CHOT-DT
- Gatineau, Quebec; Ottawa, Ontario; ; Canada;
- City: Gatineau, Quebec
- Channels: Digital: 32 (UHF); Virtual: 40;
- Branding: TVA Gatineau–Ottawa (general); TVA Nouvelles (newscasts);

Programming
- Affiliations: 40.1: TVA

Ownership
- Owner: RNC MEDIA Inc.
- Sister stations: TV: CFGS-DT; Radio: CFTX-FM, CHLX-FM;

History
- First air date: October 27, 1978
- Former call signs: CHOT-TV (1978–2011)
- Former channel numbers: Analog: 40 (UHF, 1978–2011); Digital: 40 (UHF, 2011–2020);
- Call sign meaning: C'est Hull–Ottawa Télévision

Technical information
- Licensing authority: CRTC
- ERP: 111.4 kW
- HAAT: 358 m (1,175 ft)
- Transmitter coordinates: 45°30′9″N 75°50′59″W﻿ / ﻿45.50250°N 75.84972°W

Links
- Website: TVA Gatineau–Ottawa

= CHOT-DT =

Television station in Gatineau

CHOT-DT (channel 40), branded TVA Gatineau–Ottawa, is a television station in Gatineau, Quebec, Canada, serving the National Capital Region as an affiliate of the French-language network TVA. It is owned by RNC Media alongside Noovo affiliate CFGS-DT (channel 34). The two stations share studios on Rue Jean-Proulx and Rue Buteau in the former city of Hull; CHOT-DT's transmitter is located at Camp Fortune in Chelsea, Quebec.

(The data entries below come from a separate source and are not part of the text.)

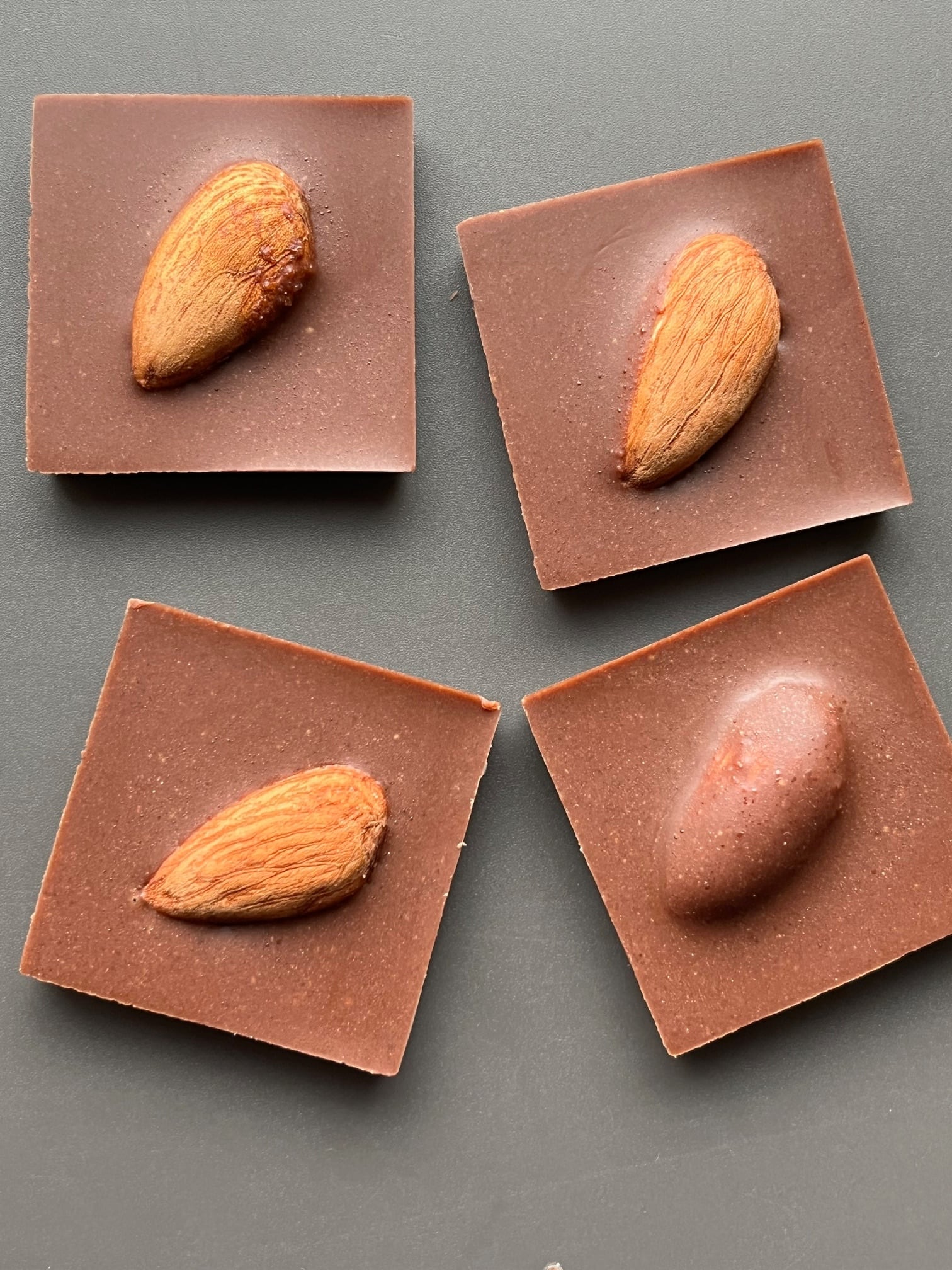 アーモンドチョコレートのハーフサイズは、ミルクチョコレートのハーフサイズの裏面にアーモンド一粒を丸々トッピングしたお得な商品です。「ミルクチョコレートばかり60枚はちょっと・・」という方にオススメしたいと思います。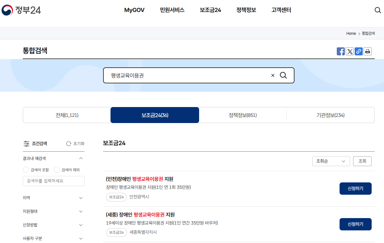 🔰 '보조금24' 누리집(http://www.gov.kr, 장애인 이용권 대상)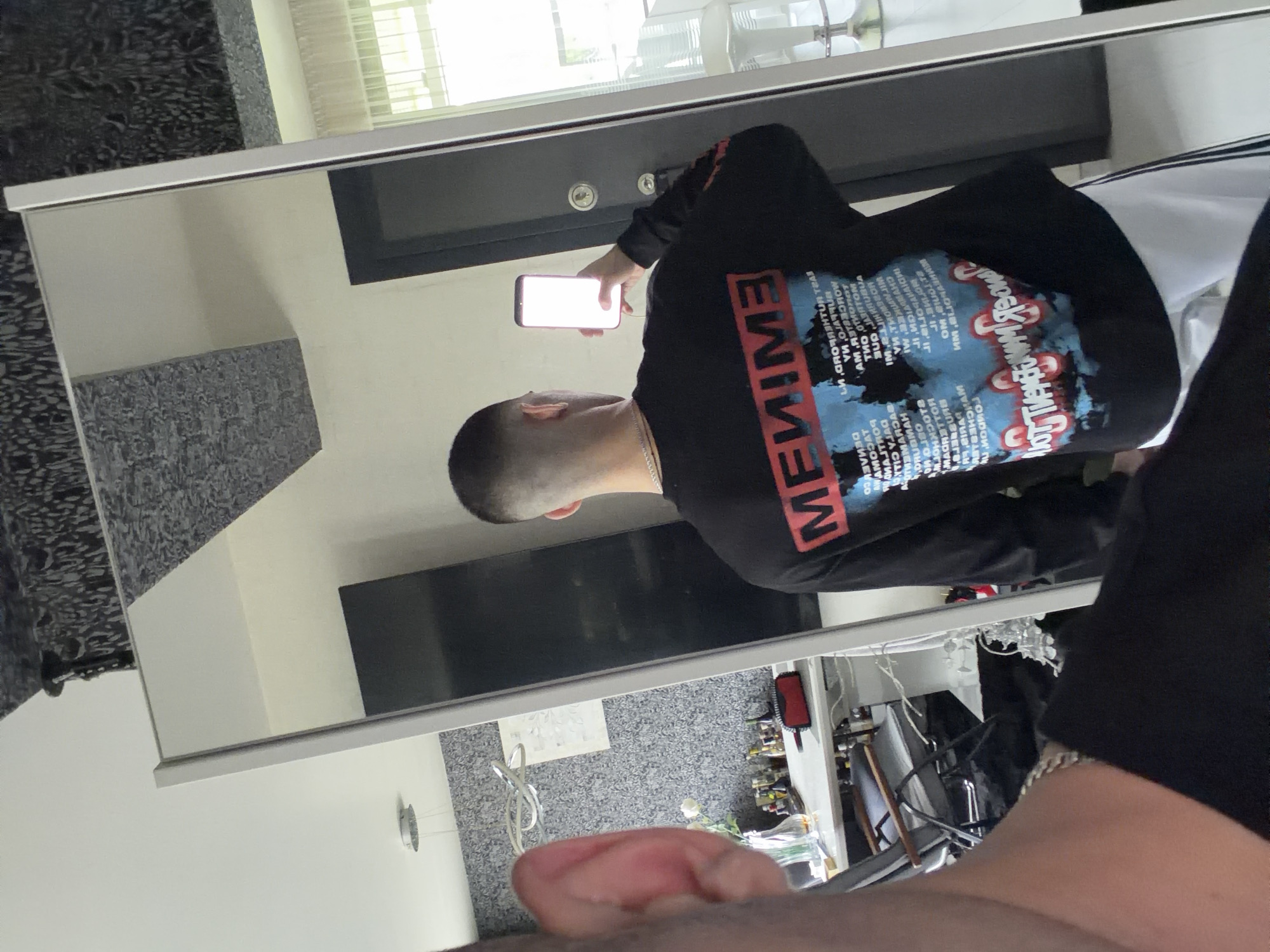 A man stands in front of a mirror, taking a photo of himself with his phone

CHOT-DT is the largest TVA station that is not owned and operated by the network. It is also the largest network affiliate in Canada that is not owned by its associated network.

==History==
From 1974 to 1977, the Ottawa–Hull area received TVA programming from CFVO-TV (channel 30), which was the first French-language commercial station in the National Capital Region. CFVO was cooperatively owned and constantly struggled financially. After its March 1977 closure, Radio-Québec bought the channel 30 physical plant directly from CFVO's creditors. The Canadian Radio-television and Telecommunications Commission (CRTC) then invited bids for a new French-language commercial station to be affiliated with TVA and operate on channel 40. Though as many as four bids were rumoured to be incoming for the TVA affiliate, the CRTC only received two, from Télé-Métropole (owner of TVA flagship station CFTM in Montreal) and Radio-Nord. The CRTC selected the application from Radio-Nord in December; CHOT, known as "Télé-Outaouais", began operations on October 27, 1978. Pierre Thibault, who had been a temporary manager for CFVO late in the station's life, served as its first general manager.

For a time until the late 1990s, CHOT was branded as "CHOT 40", referring to the station's channel number over the air. CHOT was one of the last television stations in Canada to use its over-the-air channel number in station branding. It is currently branded as "TVA Gatineau–Ottawa".

==Cable distribution==
The station is carried on channel 4 by Vidéotron in Gatineau and on channel 10 by Rogers Cable in Ottawa.

CHOT is also carried by most of EastLink's cable systems in Northeastern Ontario, one of the only regions in English Canada that carries an affiliate station instead of the national feed of CFTM-DT. It has been available on cable in this region since the early 1980s, long before TVA carriage was mandated nationwide. Predecessor companies Northern Cable and Persona picked up CHOT due to the area's large Franco-Ontarian population, and continued to carry CHOT rather than switching providers.

==News operation==

Former logo, used from the early 2000s until November 2012

TVA Nouvelles broadcasts a 30-minute local newscast every weekday at 6 p.m. and, as of 2019, a 17-minute local newscast at 12:13 p.m. In the past, CHOT had local news on weekends and a 15-minute noon newscast on weekdays, but recent cuts made by RNC Media had these newscasts replaced with Montreal-based TVA network news programs.

==Digital television and high definition==
After the analog television shutdown and digital conversion, which took place on August 31, 2011, CHOT-TV flash cut to digital maintaining operations on UHF channel 40. As part of the UHF spectrum repack, CHOT-DT was required to move broadcast frequencies by July 2020. CHOT-DT moved to UHF channel 32 in July 2020; CHOT-DT was to display as virtual channel 40, but displays as 32.